WHAT THE TASK ASKS:
Exact reproduction required: the lines below from the line with "1. doe de rijst" to the line with "Surreal landscape featuring", both ends included, and no others.

RECORDS PROVIDED:
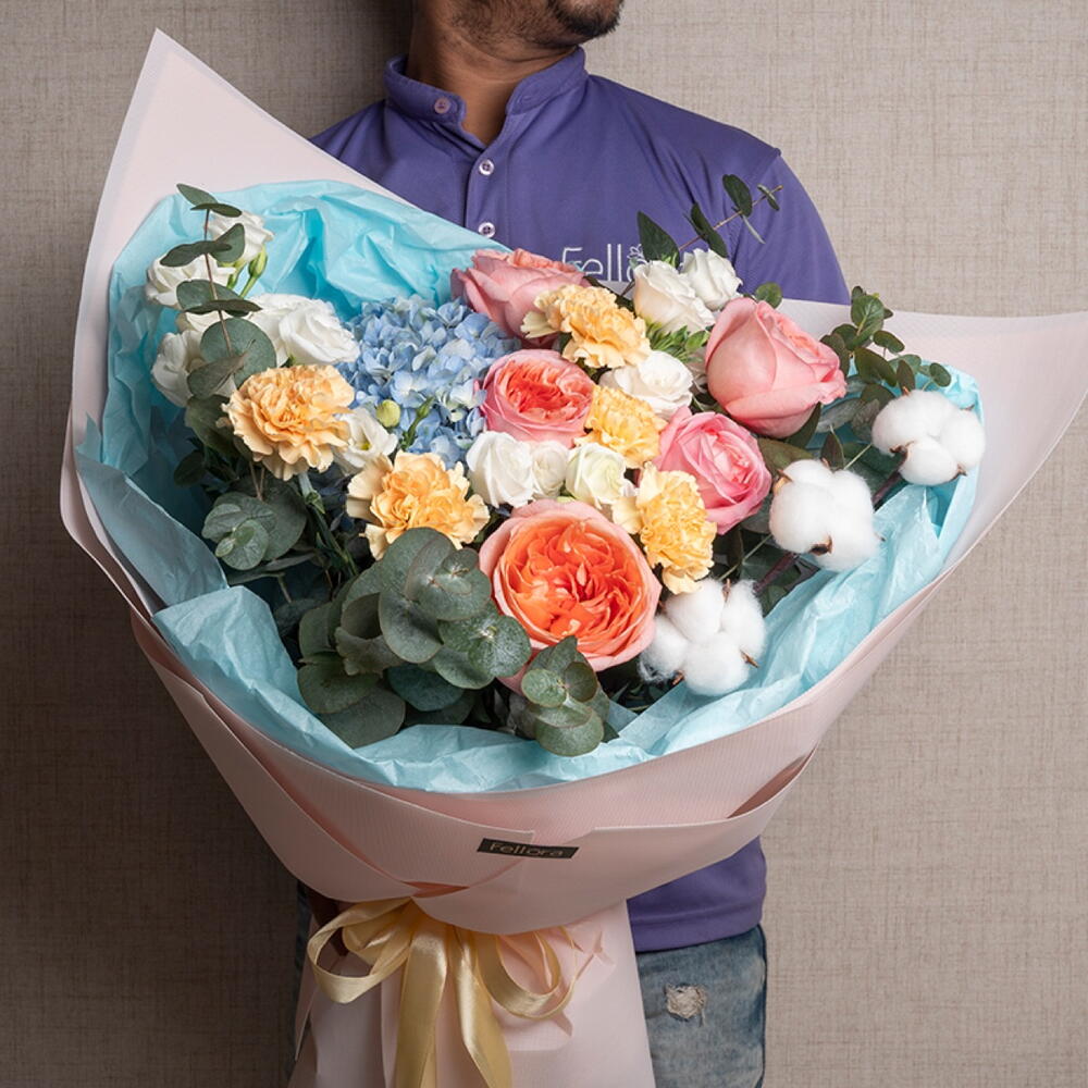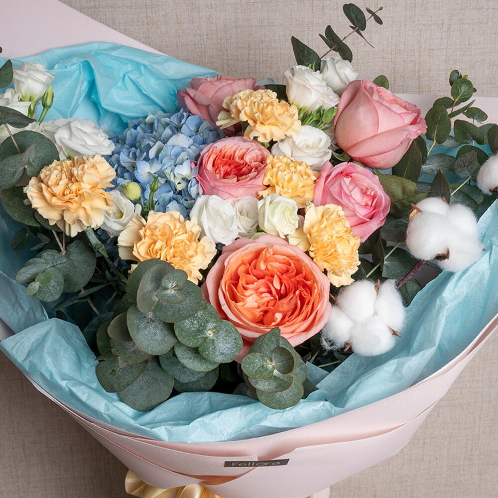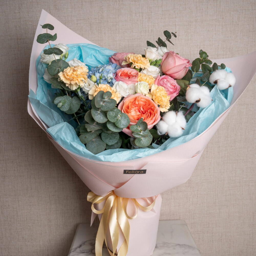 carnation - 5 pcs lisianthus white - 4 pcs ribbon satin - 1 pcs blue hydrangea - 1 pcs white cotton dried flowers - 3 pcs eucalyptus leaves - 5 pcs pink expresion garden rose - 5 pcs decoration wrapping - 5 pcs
* * *
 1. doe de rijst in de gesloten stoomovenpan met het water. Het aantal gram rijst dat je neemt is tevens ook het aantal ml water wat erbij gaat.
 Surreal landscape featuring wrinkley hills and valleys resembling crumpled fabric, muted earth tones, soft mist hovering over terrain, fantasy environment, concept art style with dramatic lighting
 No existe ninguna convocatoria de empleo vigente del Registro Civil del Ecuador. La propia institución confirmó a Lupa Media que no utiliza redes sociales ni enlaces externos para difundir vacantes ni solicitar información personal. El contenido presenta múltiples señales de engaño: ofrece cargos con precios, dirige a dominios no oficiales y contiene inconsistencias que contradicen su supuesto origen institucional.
==
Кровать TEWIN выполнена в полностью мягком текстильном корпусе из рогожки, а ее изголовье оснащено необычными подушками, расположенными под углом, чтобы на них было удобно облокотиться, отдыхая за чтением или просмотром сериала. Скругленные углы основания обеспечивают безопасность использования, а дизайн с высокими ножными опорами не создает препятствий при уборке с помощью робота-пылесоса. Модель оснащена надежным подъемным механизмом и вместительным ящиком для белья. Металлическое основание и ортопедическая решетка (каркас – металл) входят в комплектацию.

WRITTEN REPLY:
 1. doe de rijst in de gesloten stoomovenpan met het water. Het aantal gram rijst dat je neemt is tevens ook het aantal ml water wat erbij gaat.
 Surreal landscape featuring wrinkley hills and valleys resembling crumpled fabric, muted earth tones, soft mist hovering over terrain, fantasy environment, concept art style with dramatic lighting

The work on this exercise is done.